Why 10 Seconds Is Acceptable

The 10-second default seems dangerous, but consider:

1. Distributed Durability

With replication factor 3 and QUORUM writes:

Write to partition key X:
├── Node A: write() to commitlog (page cache) ✓
├── Node B: write() to commitlog (page cache) ✓
└── Node C: write() to commitlog (page cache) ✓

Data loss requires:
- All 3 nodes lose power simultaneously
- Within the 10-second sync window
- Before kernel writeback occurs (~30 seconds)

The probability of all replicas failing within 10 seconds is extremely low in properly deployed clusters.

2. Performance Impact of fsync

Metric Periodic (10s) Batch (2ms)
write() latency ~1μs ~1μs
fsync() frequency Once per 10 seconds Every 2ms
fsync cost amortization Across thousands of writes Per batch only
Throughput (SSD) 100,000+ writes/sec Limited by fsync
Throughput (HDD) 50,000+ writes/sec ~100 writes/sec × batch size
Write latency P99 Sub-millisecond 2-10ms (fsync bound)

Throughput Calculations:

For periodic sync, fsync overhead is amortized:

\[ \text{Effective write cost} = t_{write} + \frac{t_{fsync}}{\text{writes per sync period}} \]
\[ \text{Effective write cost} = 1\mu s + \frac{0.1ms}{100{,}000} \approx 1\mu s \]

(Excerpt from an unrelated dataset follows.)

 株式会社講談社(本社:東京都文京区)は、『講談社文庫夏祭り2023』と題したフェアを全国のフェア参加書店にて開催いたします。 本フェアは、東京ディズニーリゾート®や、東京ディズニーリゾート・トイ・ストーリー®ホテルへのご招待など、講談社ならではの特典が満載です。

For batch sync, each batch pays the fsync cost:

\[ \text{Max batches/sec} = \frac{1}{t_{batch\_window} + t_{fsync}} \]
\[ \text{Max batches/sec (SSD)} = \frac{1}{2ms + 0.1ms} \approx 476 \text{ batches/sec} \]
\[ \text{Max batches/sec (HDD)} = \frac{1}{2ms + 10ms} \approx 83 \text{ batches/sec} \]

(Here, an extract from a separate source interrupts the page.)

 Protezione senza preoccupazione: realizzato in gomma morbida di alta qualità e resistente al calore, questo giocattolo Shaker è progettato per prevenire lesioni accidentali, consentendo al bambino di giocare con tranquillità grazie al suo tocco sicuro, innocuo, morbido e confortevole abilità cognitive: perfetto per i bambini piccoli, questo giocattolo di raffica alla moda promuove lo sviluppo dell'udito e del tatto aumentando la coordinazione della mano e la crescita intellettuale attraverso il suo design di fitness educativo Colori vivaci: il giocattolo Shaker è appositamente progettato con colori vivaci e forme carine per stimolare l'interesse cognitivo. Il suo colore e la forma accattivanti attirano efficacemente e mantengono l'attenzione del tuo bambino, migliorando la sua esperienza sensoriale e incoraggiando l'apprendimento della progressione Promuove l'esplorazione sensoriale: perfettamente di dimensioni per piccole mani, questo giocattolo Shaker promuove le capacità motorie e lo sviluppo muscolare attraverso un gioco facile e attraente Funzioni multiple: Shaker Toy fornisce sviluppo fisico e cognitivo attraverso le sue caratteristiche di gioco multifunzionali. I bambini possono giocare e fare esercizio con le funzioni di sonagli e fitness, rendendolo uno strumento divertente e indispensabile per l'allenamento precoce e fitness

fsync overhead comparison:

\[ \text{Overhead ratio} = \frac{\text{fsync calls (batch)}}{\text{fsync calls (periodic)}} = \frac{500/sec}{0.1/sec} = 5000\times \]

3. When to Use Batch Sync

Batch sync is appropriate when:

  • Single-node deployment (no replication for durability)
  • Regulatory requirements mandate immediate persistence
  • Data loss of any amount is unacceptable
  • Write throughput requirements are modest
# Batch sync configuration
commitlog_sync: batch
commitlog_sync_batch_window_in_ms: 2

# Writes are grouped into 2ms windows
# fsync called at end of each window
# Higher latency but stronger single-node durability

Sync Mode Selection Guide

Scenario Recommended Mode Rationale
Multi-node cluster (RF≥3) Periodic 10s Replication provides durability
Single node, can tolerate loss Periodic 10s Best performance
Single node, no data loss Batch 2-50ms fsync per batch
Compliance requirements Batch Regulatory mandate
Maximum throughput Periodic 10s Minimal fsync overhead

Most production deployments use periodic sync with 10-second intervals. The distributed nature of Cassandra means true data loss requires catastrophic, correlated failures across multiple nodes.

Commit Log Placement

Place the commit log on dedicated fast storage:

  • Separate physical device from data directory
  • SSD strongly recommended
  • Prevents data I/O from blocking commit log writes

Memtable

The memtable is an in-memory sorted data structure holding recent writes. Data in the memtable is queryable immediately after the write completes.

Memtable Structure

Memtablecluster_memtableMEMTABLE (ConcurrentSkipListMap)Sorted by: partition token → clustering columnscluster_p1cluster_p2p1_headerToken: -923874...Partition: user_id=abc123p1_rowsRow: created=2024-01-01col1col2col3Row: created=2024-01-02col1col2col3Row: created=2024-01-03col1col2col3p2_headerToken: -512983...Partition: user_id=def456p1_header->p2_headertoken orderp2_rowsRow: created=2024-01-15col1col2col3noteOne memtableper tableper node

Configuration

# cassandra.yaml

# Total heap space for all memtables
memtable_heap_space_in_mb: 2048

# Total off-heap space for memtables
memtable_offheap_space_in_mb: 2048

# Allocation type
# heap_buffers: on-heap (default)
# offheap_objects: objects off-heap, metadata on-heap
# offheap_buffers: everything off-heap
memtable_allocation_type: heap_buffers

# Concurrent flush operations
memtable_flush_writers: 2

# Flush threshold as fraction of heap
# Flush starts when memtables exceed this percentage
memtable_cleanup_threshold: 0.11

Memory Calculation

The effective memtable flush threshold is the minimum of two values:

\[ \text{Threshold}_{\text{cleanup}} = \text{Heap Size} \times \texttt{memtable_cleanup_threshold} \]
\[ \text{Threshold}_{\text{configured}} = \texttt{memtable_heap_space_in_mb} \]
\[ \text{Effective Limit} = \min(\text{Threshold}_{\text{cleanup}}, \text{Threshold}_{\text{configured}}) \]

Example with 32GB heap:

\[ \text{Threshold}_{\text{cleanup}} = 32\text{GB} \times 0.11 = 3.52\text{GB} \]
\[ \text{Threshold}_{\text{configured}} = 2048\text{MB} = 2\text{GB} \]
\[ \text{Effective Limit} = \min(3.52\text{GB}, 2\text{GB}) = 2\text{GB} \]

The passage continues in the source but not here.